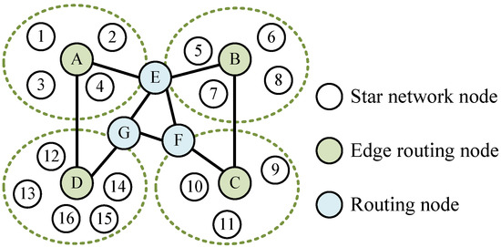 A typical IWNSs topology diagram is shown in Figure 1. Note that the nodes in the mesh level are divided into general routing nodes responsible for network interconnection (i.e., nodes E, F, and G) and edge routing nodes intended to access the star network (i.e., nodes A, B, C, and D). Frequent iterations are the key point that causes the slower convergence speed of distributed time synchronization algorithms. Consequently, the core idea of our design is to make fewer nodes bear the distributed iterations, in contrast, more nodes obtain synchronization by overhearing. For two-layered IWSNs with a mesh–star hybrid architecture, a few routing nodes with strong communication capability can be used to cover the industrial network with large-scale low-power sensing nodes. Furthermore, it employs the routing nodes participating in the synchronization iteration process to reduce the number of packet exchanges effectively.
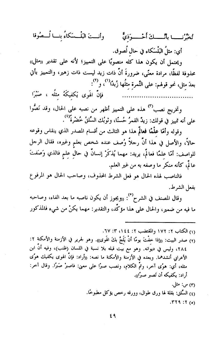 ويحتمل ان يكون هذا كله منصوبا علي التمييز؛ لأنه علي تقدير «مثل» محذوفة لفظا , مراده معني ضرورة ذلك أن ذات زيد ليست ذات زهير , والتمييز يأتي بعد مثل , نحو قولهم: علي التمرة مثلها زبدا , وفان الهوى يكفيكه مثله , صبرا
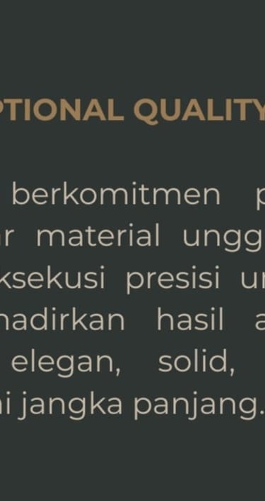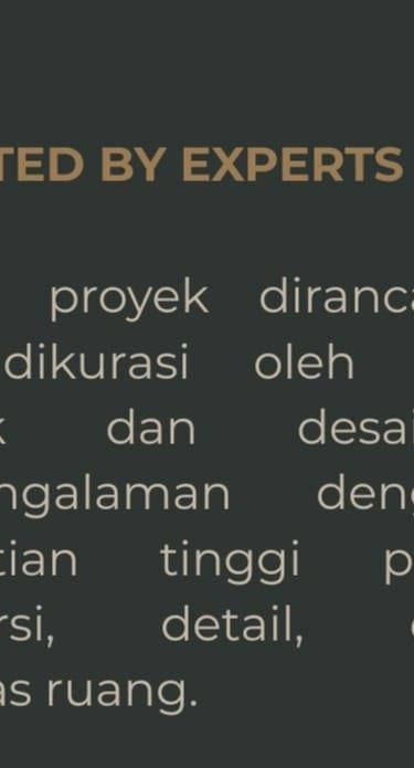 Merupakan proses penerjemahan mimpi ke dalam bentuk nyata melalui perencanaan yang matang, kreativitas, dan ketepatan teknis. Design menyatukan estetika dan fungsi, menciptakan ruang yang tidak hanya indah secara visual, tetapi juga nyaman, efisien, dan berkelanjutan. “Setiap desain dirancang dengan presisi, kreativitas, dan standar profesional.”
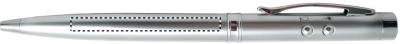 Multifunktsionaalne hõbedane pliiats. Sinise tindi täiteaine, valge LED-tuli, punane laserkursor. Kaasas 3 akut. Esitatakse puidust karbis. II ohutusklass.

..........

Your answer should contain only the lines from the beginning of the listing above through the line with "ويحتمل ان يكون", copied exactly and without the pictures.

 A typical IWNSs topology diagram is shown in Figure 1. Note that the nodes in the mesh level are divided into general routing nodes responsible for network interconnection (i.e., nodes E, F, and G) and edge routing nodes intended to access the star network (i.e., nodes A, B, C, and D). Frequent iterations are the key point that causes the slower convergence speed of distributed time synchronization algorithms. Consequently, the core idea of our design is to make fewer nodes bear the distributed iterations, in contrast, more nodes obtain synchronization by overhearing. For two-layered IWSNs with a mesh–star hybrid architecture, a few routing nodes with strong communication capability can be used to cover the industrial network with large-scale low-power sensing nodes. Furthermore, it employs the routing nodes participating in the synchronization iteration process to reduce the number of packet exchanges effectively.
 ويحتمل ان يكون هذا كله منصوبا علي التمييز؛ لأنه علي تقدير «مثل» محذوفة لفظا , مراده معني ضرورة ذلك أن ذات زيد ليست ذات زهير , والتمييز يأتي بعد مثل , نحو قولهم: علي التمرة مثلها زبدا , وفان الهوى يكفيكه مثله , صبرا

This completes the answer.